Note: You should use all-uppercase for constants: WORD_SIZE instead of word_size. That is a commonly accepted standard (quite the only about case for identifiers in C).
I am learning bit manipulation in C and I have written a simple program. However the program fails. Can someone please look into this code?
Basically I want to extract and reassemble a 4 byte 'long' variable to its induvidual bytes and vice versa.
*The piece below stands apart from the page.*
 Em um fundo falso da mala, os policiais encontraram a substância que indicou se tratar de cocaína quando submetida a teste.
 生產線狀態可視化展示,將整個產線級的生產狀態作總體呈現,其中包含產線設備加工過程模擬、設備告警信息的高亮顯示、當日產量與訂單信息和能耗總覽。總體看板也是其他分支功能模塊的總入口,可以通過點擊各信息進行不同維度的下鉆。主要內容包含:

Here is my code:
printf("sizeof char= %d\n", sizeof(char));
printf("sizeof unsigned char= %d\n", sizeof(unsigned char));
printf("sizeof int= %d\n", sizeof(int));
printf("sizeof long= %d\n", sizeof(long));
printf("sizeof unsigned long long= %d\n", sizeof(unsigned long long));
long val = 2;
int k = 0;
size_t len = sizeof(val);
printf("val = %ld\n", val);
printf("len = %d\n", len);
char *ptr;
ptr = (char *)malloc(sizeof(len));
//converting 'val' to char array
//val = b3b2b1b0 //where 'b is 1 byte. Since 'long' is made of 4 bytes, and char is 1 byte, extracting byte by byte of long into char
//do{
//val++;
for(k = 0; k<len; k++){
ptr[k] = ((val >> (k*len)) && 0xFF);
printf("ptr[%d] = %02X\n", k,ptr[k]);
}
//}while(val < 12);
//reassembling the bytes from char and converting them to long
long xx = 0;
int m = 0;
for(m = 0; m< len; m++){
xx = xx |(ptr[m]<<(m*8));
}
printf("xx= %ld\n", xx);
Why don't I see xx returning 2?? Also, irrespective of the value of 'val', the ptr[0] seems to store 1 :(
Please help
Thanks in advance
ptr[k] = ((val >> (k*len)) && 0xFF);
Should be
ptr[k] = ((val >> (k*8)) & 0xFF);
&& is used in conditional statements and & for bitwise and.
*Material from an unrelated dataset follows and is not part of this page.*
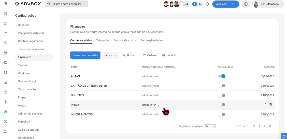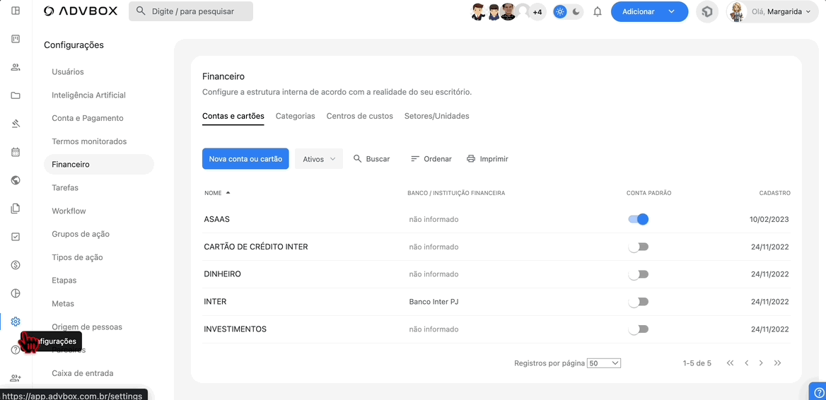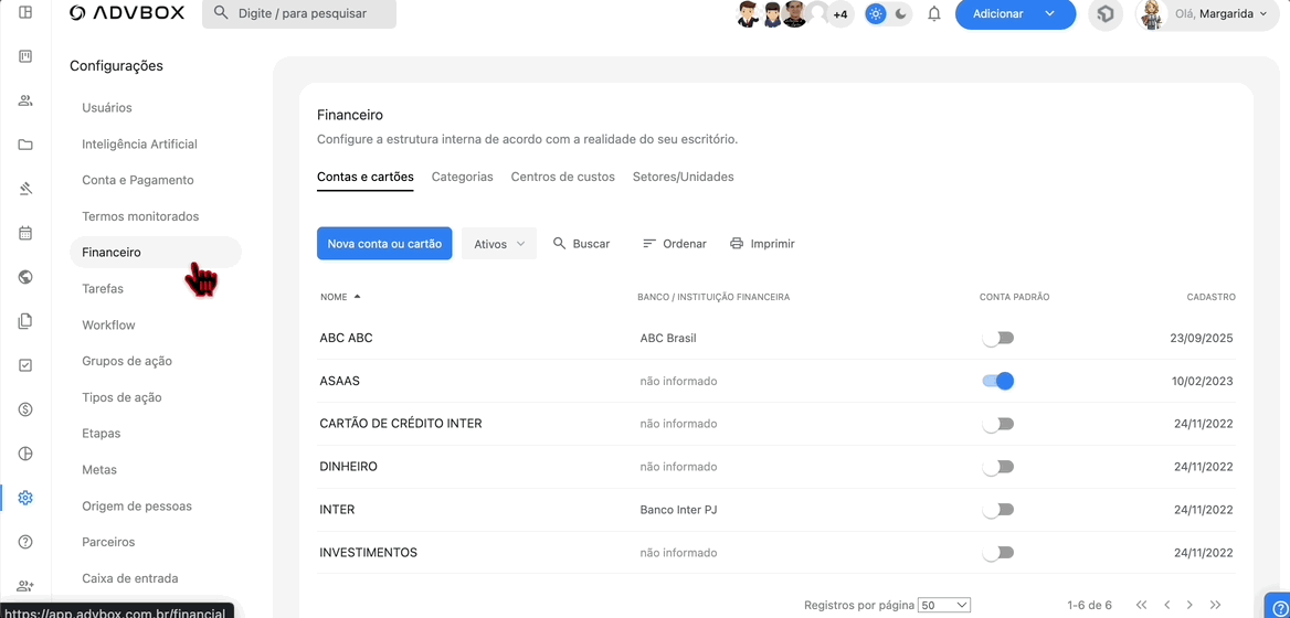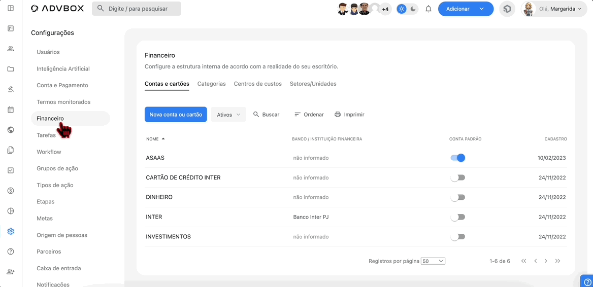 Neste artigo, você vai aprender como configurar todas as opções do módulo financeiro da ADVBOX, incluindo contas e cartões, categorias, centros de custo e setores/unidades para organizar suas receitas e despesas.

Also as you're splitting the value up into chars, each iteration of the loop you want to shift with as many bits as are in a byte. This is almost always 8 but can be something else. The header file limits.h has the info about that.
A few things I notice:
You're using the boolean && operator instead of bitwise &
You're shifting by "k*len" instead of "k*8"
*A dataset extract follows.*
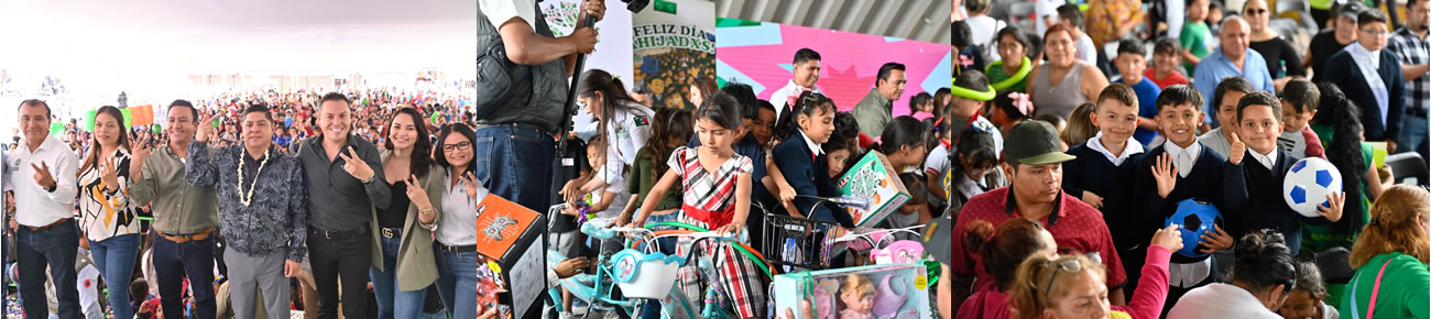 Posteriormente, invitó a las y los menores a subir al escenario para participar en bailes y la entrega de juguetes, y entregó bicicletas, muñecas, carritos, pelotas y balones que llenaron de emoción los rostros de todas y todos.
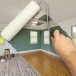 - Before and After of Man Using A Paint Roller to Reveal Newly Remodeled Room with Fresh Green Paint, Coffered Ceiling and New Floors.

You're allocating an array with "sizeof(len)", instead of just "len"
You're using "char" instead of "unsigned char". This will make the "(ptr[m]<<(m*8))" expression sometimes give you a negative number.
So a fixed version of your code would be:
printf("sizeof char= %d\n", sizeof(char));
printf("sizeof unsigned char= %d\n", sizeof(unsigned char));
printf("sizeof int= %d\n", sizeof(int));
printf("sizeof long= %d\n", sizeof(long));
printf("sizeof unsigned long long= %d\n", sizeof(unsigned long long));
long val = 2;
int k = 0;
size_t len = sizeof(val);
printf("val = %ld\n", val);
printf("len = %d\n", len);
unsigned char *ptr;
ptr = (unsigned char *)malloc(len);
//converting 'val' to char array
//val = b3b2b1b0 //where 'b is 1 byte. Since 'long' is made of 4 bytes, and char is 1 byte, extracting byte by byte of long into char
//do{
//val++;
for(k = 0; k<len; k++){
ptr[k] = ((val >> (k*8)) & 0xFF);
printf("ptr[%d] = %02X\n", k,ptr[k]);
}
//}while(val < 12);
//reassembling the bytes from char and converting them to long
long xx = 0;
int m = 0;
for(m = 0; m< len; m++){
xx = xx |(ptr[m]<< m*8);
}
printf("xx= %ld\n", xx);
Also, in the future, questions like this would be better suited to https://codereview.stackexchange.com/
As others have by now mentioned, I'm not sure if ptr[k] = ((val >> (k*len)) && 0xFF); does what you want it to. The && operator is a boolean operator. If (value >> (k*len)) is some non-zero value, and 0xFF is some non-zero value, then the value stored into ptr[k] will be one. That's the way boolean operators work. Perhaps you meant to use & instead of &&.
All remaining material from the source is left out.